Model names are referenced via project configuration template field or context model_name. The “default” model provides base implementations with fallback behavior.

RATIONALE:
Standardized structure enables consistent discovery of type modules across models and provides clear extension points for each content category.
STATUS:
Approved

HLR-EXT-003: Handler Registration Interface

Type handlers shall provide standardized registration interfaces for pipeline integration.

BELONGS TO:
SF-005
DESCRIPTION:

Each handler category defines specific interfaces:

Object Type Handlers export:

  • M.object: Type schema with id, long_name, description, attributes
  • M.handler.on_render_SpecObject(obj, ctx): Render function returning Pandoc blocks

Specification Type Handlers export:

  • M.specification: Type schema with id, long_name, attributes
  • M.handler.on_render_Specification(ctx, pandoc, data): Render document title

Float Type Handlers export:

  • M.float: Type schema with id, caption_format, counter_group, aliases, needs_external_render
  • M.transform(raw_content, type_ref, log): For internal transforms (TABLE, CSV)
  • external_render.register_renderer(type_ref, callbacks): For external renders (PLANTUML, CHART)

View Type Handlers export:

  • M.view: Type schema with id, inline_prefix, aliases
  • M.handler.on_render_Code(code, ctx): Inline code rendering
RATIONALE:
Consistent interfaces enable the core pipeline to discover and invoke handlers without knowledge of specific type implementations.

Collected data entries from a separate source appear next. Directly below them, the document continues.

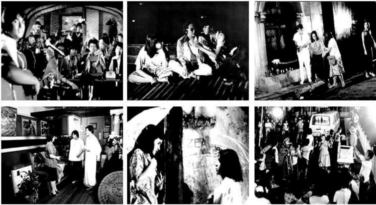
Figure 5. Scenes from Manila by Night, clockwise from top left: gay couturier swoons over folk singer, whom he will eventually successfully seduce; blind masseuse shares pot with her drug-pusher girlfriend and her young girl Friday; masseuse is assisted by gay couturier after praying at a street altar for prostitutes, to seek out a nurse (the common-law wife of the couturier's lover, a taxi driver) who can help her; characters encounter a location shoot outside the hospital where the nurse turns out to be a call girl in disguise; naïve waitress, impregnated by the taxi driver, seeks help from the "nurse," who will be later strangled by an unknown assailant; couturier returns the folk singer to the latter's abusive mother, who also used to be a sex worker.

The ultimate contribution of the milieu movie, if one were allowed to make valorizing claims for it, would begin in the area where classical apologists would perceive a weakness in the format. That is, granting a constant commercial running time of about two hours, a larger number of lead characters would result in less actual characters, since less time could be allotted to the development of each one. On the other hand, what one would be left with, in a project (such as Nashville or Manila by Night ) with sufficient thematic development, is an agglomeration of types. 30 Such an absence of "full" dramatic involvement on the part of the spectator with any individual character, intensified by the constant shifting of identification from one character to another, makes it possible for the viewer to configure instead a social formation—in fact, a social character—within the diegesis of the film text. This then is the point in which the milieu movie takes up a certain road not taken by a crucial progressive movement in the history of cinema: that of social realism. Where the
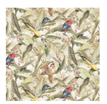
Macaw Parchment 100% Cotton 280cm drop (Railroaded) 66cm (Vertical Repeat) Dual Purpose - 20,000 rubs
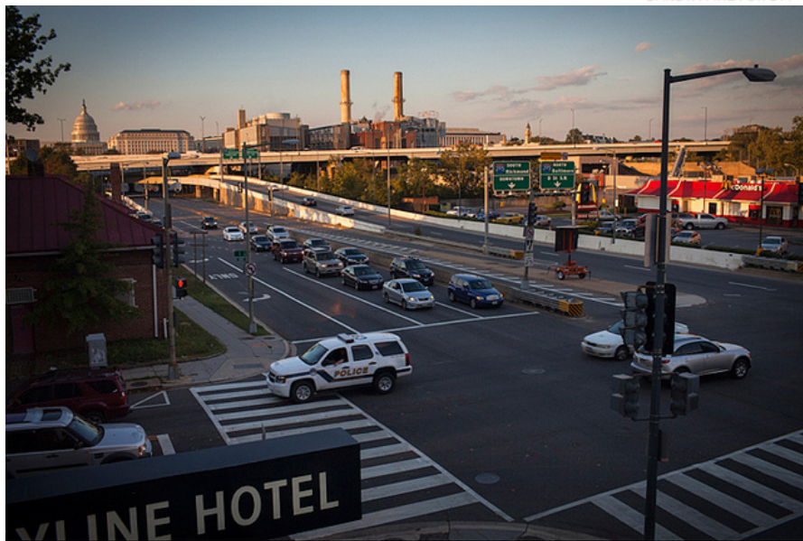
DAKOTA FINE FOR BYT
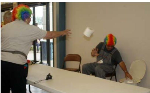
"Roll" toss was a popular carnival game.

Wednesday was the big day for free carnival
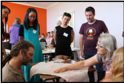
At the Australasian Permaculture Convergence brainstorming IPEN potential activities and actions
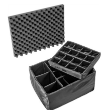
1625 Padded Divider Set
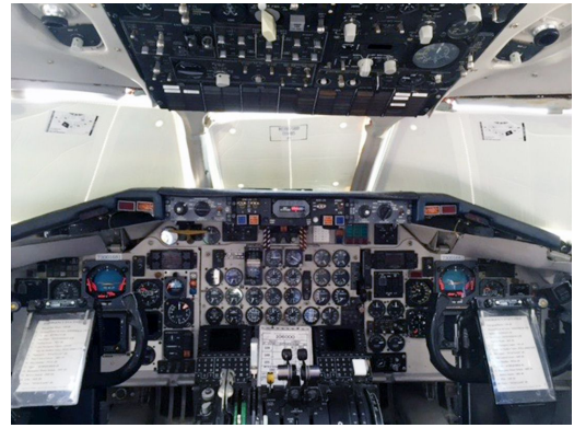
McDonnell Douglas MD80 Cockpit Heatshield Set
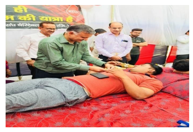
General Secretary, IRCS, Haryana State Branch encouraging blood donor at Blood Donation organised by District Red Cross 55 Society, Panchkula

b) Target for 1% Voluntary Blood Donor of Total Population: The branch is
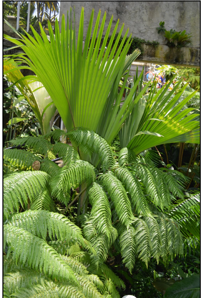
Lodoicea maldivica (double coconut)
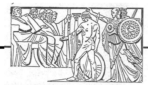
Orestes Before the Areopagites (play written and performed in 458 BC) - A scene from Aeschylus' Eumenides documenting an event which created the institution of the jury and abolished the requirement of blood revenge.
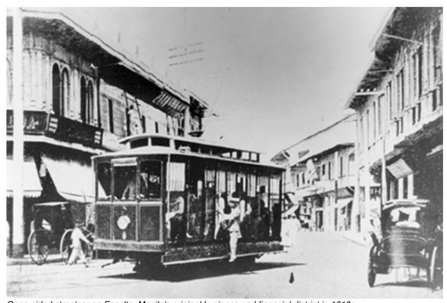
Open-sided streetcar on Escolta, Manila's original business and financial district in 1910s

The Philippine Commission on 20 October 1902 passed a law that set into motion franchises to be awarded to bidders for the construction and operation of
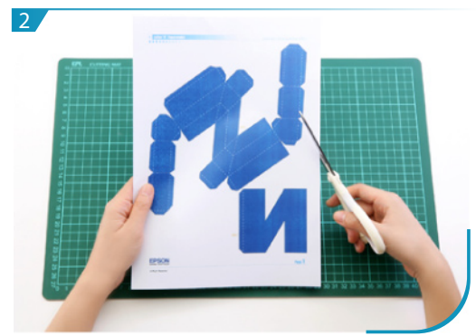
Separate all parts along the lines. Mark their identity on the back to avoid confusion.
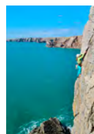
Cover: Kat Dunbar on Warehouse Warriors S 4a Mewsford Point West Face
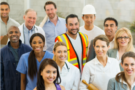
Getting a Job
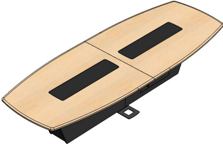
526FR + 526FR + 36BS4FR
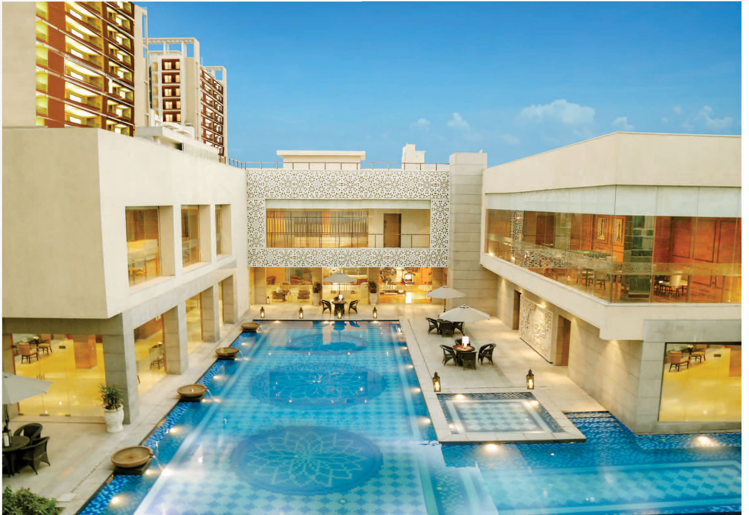
ACTUAL IMAGE OF THE POOL DECK
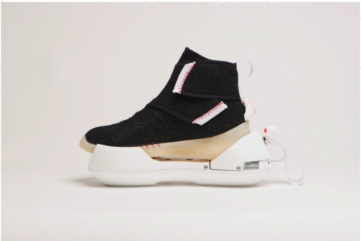
Figure 7. The shoes clipped onto the weighted sole.
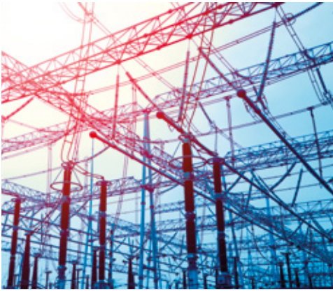
Electrical engineering for the supply of energy
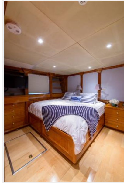
Port Guest Stateroom
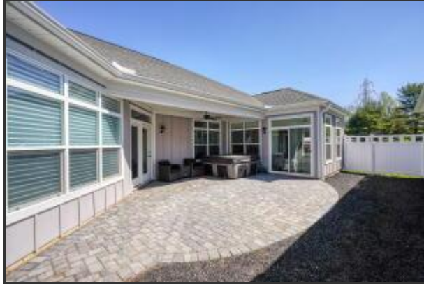
Courtyard with privacy fence
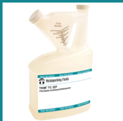
2-quart tip "N" measure ® SKU: TC257-2Q UPC-12: 641238083108
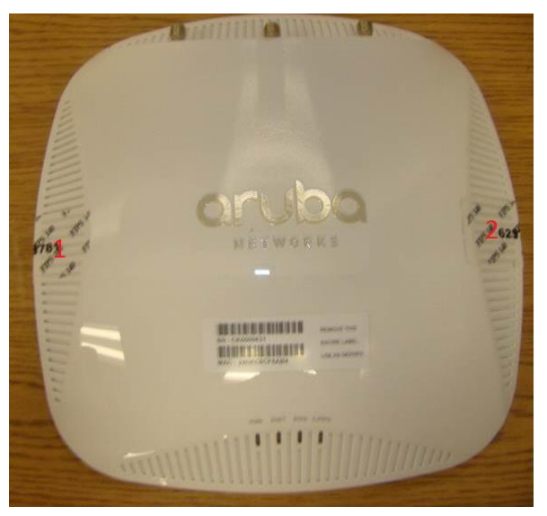
Figure 10 - Top View of IAP-214/215 with TELs

The IAP-214/215 requires 3 TELs. One on each edge (labels 1 and 2) and one covering the console port (label 3). See figures 10, and 11 for placement.
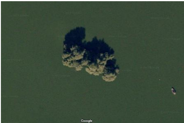
The Christmas Trees Project 1: The Christmas Trees Island, 2020
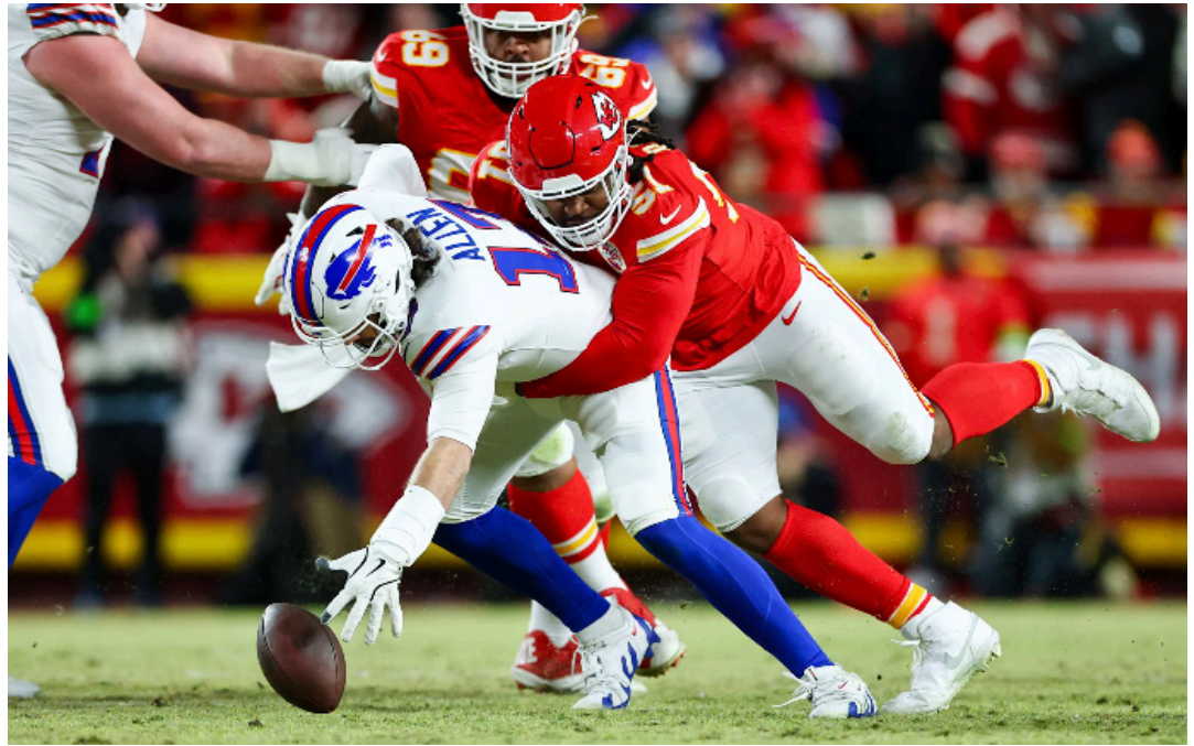
CHIEFS DEFENSE forces a fumble in Kansas City's American Football Conference championship game against the Buffalo Bills.
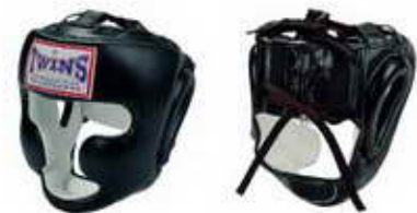
HGL-5 Chin & cheek protection for full contact sparring, lace up closure at the back for a perfect adjustment
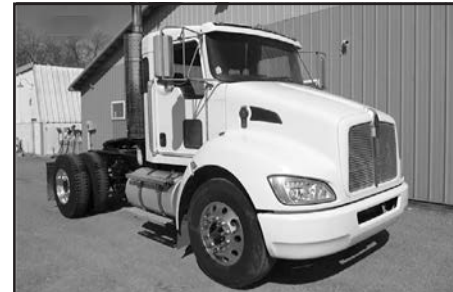
'09 KW T370, Paccar PX8, Allison 3000 HS auto., (6) new tires, alum. whls., local truck. . . . . $43,900
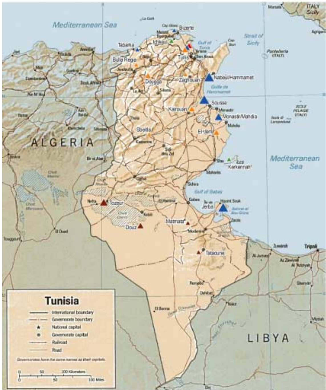
Tourism core and resources
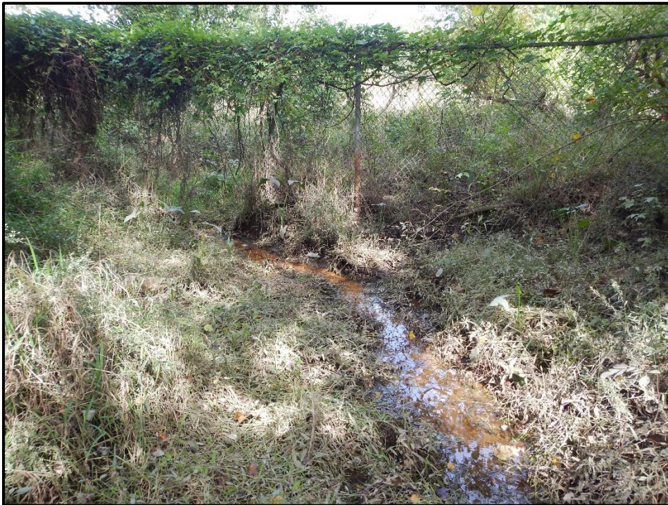
Waters 11CC – Intermittent
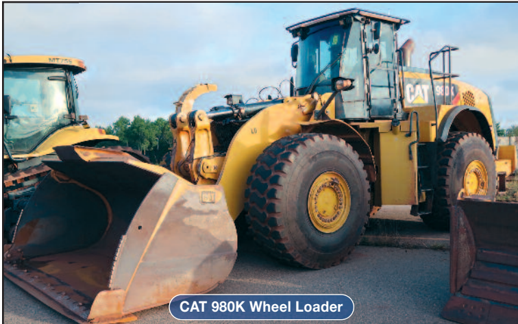
CAT 980K Wheel Loader
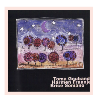
Par 4 Chemins
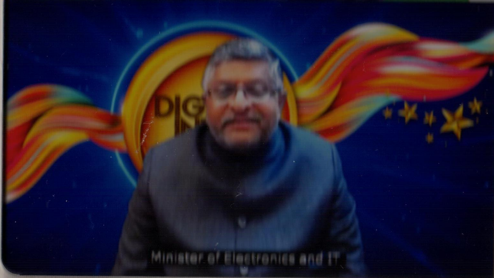
Minister of Electronics and IT
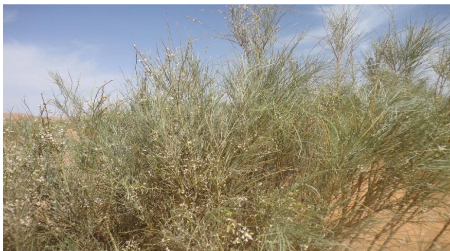
Figure II.3 : Shrub of Retama raetam ( Mekki, 2016 )

The Retames have a great symbiotic capacity, being part of the fabaceae family, their roots end in small swellings called nodules, which are home to a very diverse microbial fauna. This symbiotic association allows them to fix atmospheric nitrogen and convert it to assimilable organic nitrogen (NO 3 ).
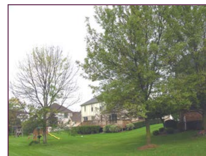
Healthy ash tree protected with insecticide treatments growing next to an untreated Ash Tree killed by EAB.

To be a good candidate for treatment, the Ash Tree must have at least 50% of its crown, meet minimum health standards and be able to absorb treatment.
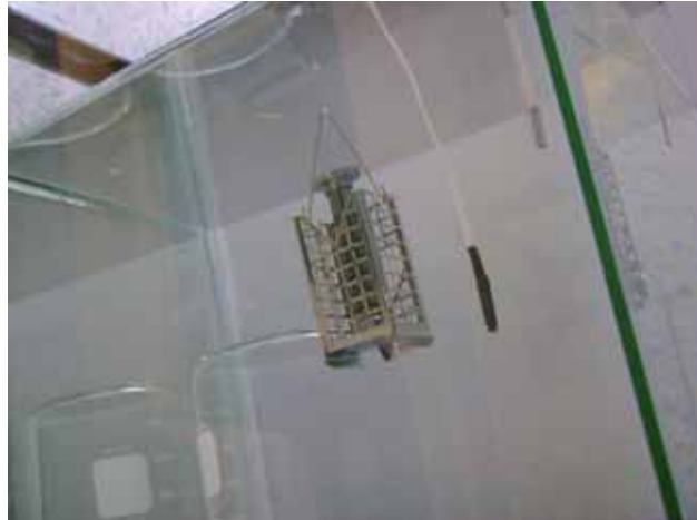
Figure 4. Density Determination by Hydrostatic Comparison of a Piston (almost 100 g).
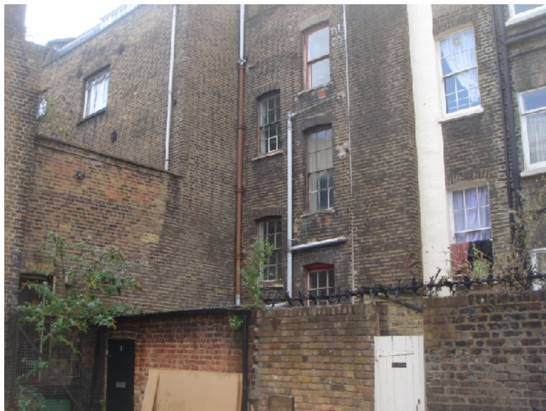
Figure 3 Rear Elevation of No 108 Cleveland Street
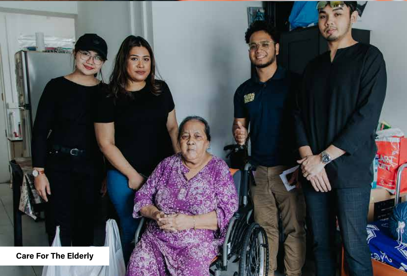
Care For The Elderly

This separation maintains extensibility.
STATUS:
Approved

HLR-EXT-004: Type Definition Schema

Type definitions shall declare metadata schema that controls registration and behavior.

BELONGS TO:
SF-005
DESCRIPTION:

Type schemas provide metadata stored in registry tables:

Object Types (spec_object_types):

M.object = {
    id = "HLR",                    -- Unique identifier (uppercase)
    long_name = "High-Level Requirement",
    description = "A top-level system requirement",
    extends = "TRACEABLE",         -- Base type for inheritance
    header_unnumbered = true,      -- Exclude from section numbering
    header_style_id = "Heading2",  -- Custom-style for headers
    body_style_id = "Normal",      -- Custom-style for body
    attributes = {                 -- Attribute definitions
        { name = "status", type = "ENUM", values = {...}, min_occurs = 1 },
        { name = "rationale", type = "XHTML" },
        { name = "created", type = "DATE" },
    }
}

Float Types (spec_float_types):

M.float = {
    id = "CHART",
    caption_format = "Figure",     -- Caption prefix
    counter_group = "FIGURE",      -- Counter sharing (FIGURE, CHART, PLANTUML)
    aliases = { "echarts" },       -- Alternative syntax identifiers
    needs_external_render = true,  -- Requires external tool
}

View Types (spec_view_types):

M.view = {
    id = "ABBREV",
    inline_prefix = "abbrev",      -- Syntax: `abbrev: content`
    aliases = { "sigla", "acronym" },
    needs_external_render = false,
}
RATIONALE:
Declarative schemas enable automatic registration into database tables during initialization, provide validation rules for content, and configure rendering behavior without procedural code.
STATUS:
Approved

HLR-EXT-005: Model Path Resolution

The system shall resolve model paths using environment configuration with fallback.

BELONGS TO:
SF-005
DESCRIPTION:

Model path resolution follows this order:

  1. Check SPECCOMPILER_HOME environment variable: $SPECCOMPILER_HOME/models/{model}
  2. Fall back to current working directory: ./models/{model}

For type modules not found in the specified model, the system falls back to the “default” model:

-- Try model-specific path first
local module = require("models." .. model_name .. ".types.floats.table")
-- Fallback to default model
local module = require("models.default.types.floats.table")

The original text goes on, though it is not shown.